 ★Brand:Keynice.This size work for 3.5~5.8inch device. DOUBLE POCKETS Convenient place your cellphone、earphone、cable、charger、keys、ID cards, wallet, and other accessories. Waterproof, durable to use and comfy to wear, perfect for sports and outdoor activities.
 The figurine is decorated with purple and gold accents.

--

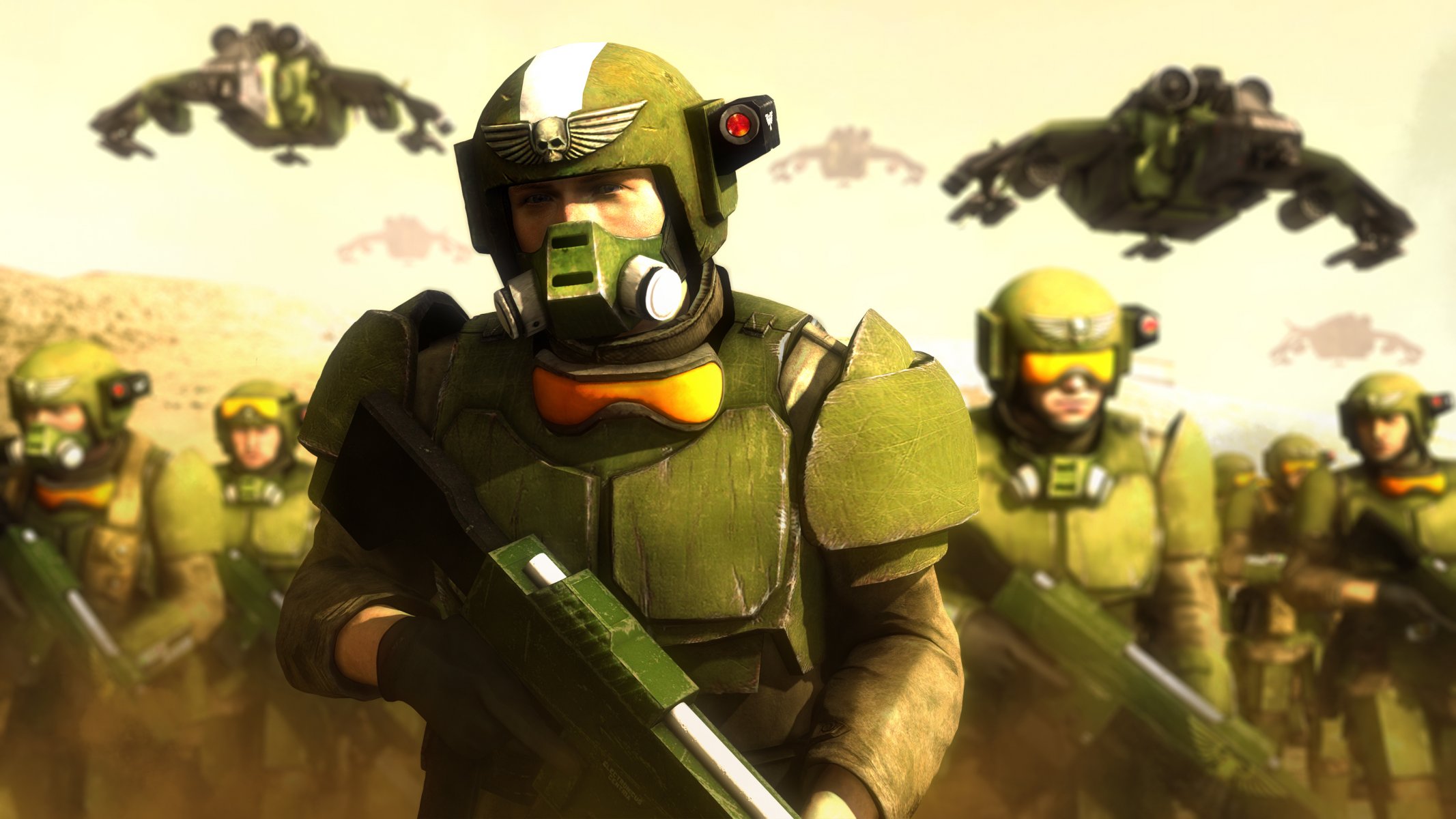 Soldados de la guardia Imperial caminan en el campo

...

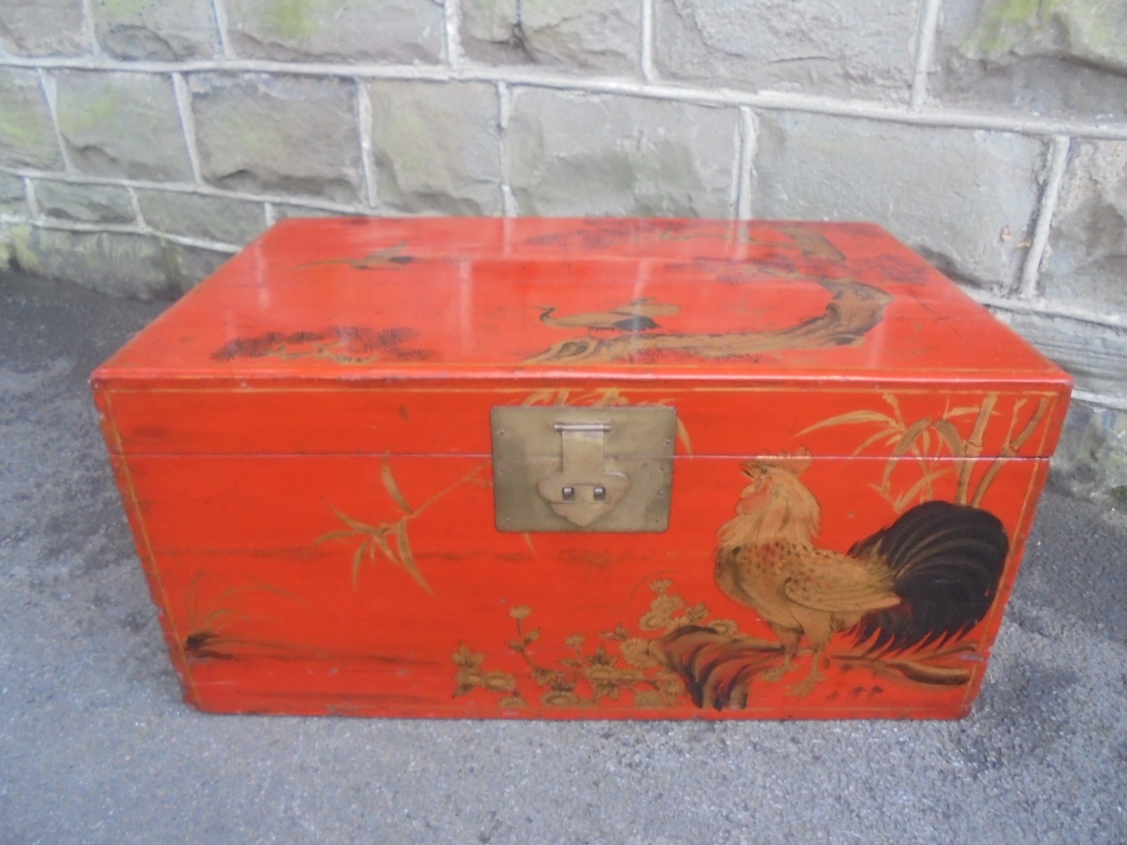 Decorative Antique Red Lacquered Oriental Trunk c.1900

Your task:
From the listing above, output exactly the run of lines that starts with the line containing "and outdoor activities." and ends with the line containing "The figurine is".

Written response:
 ★Brand:Keynice.This size work for 3.5~5.8inch device. DOUBLE POCKETS Convenient place your cellphone、earphone、cable、charger、keys、ID cards, wallet, and other accessories. Waterproof, durable to use and comfy to wear, perfect for sports and outdoor activities.
 The figurine is decorated with purple and gold accents.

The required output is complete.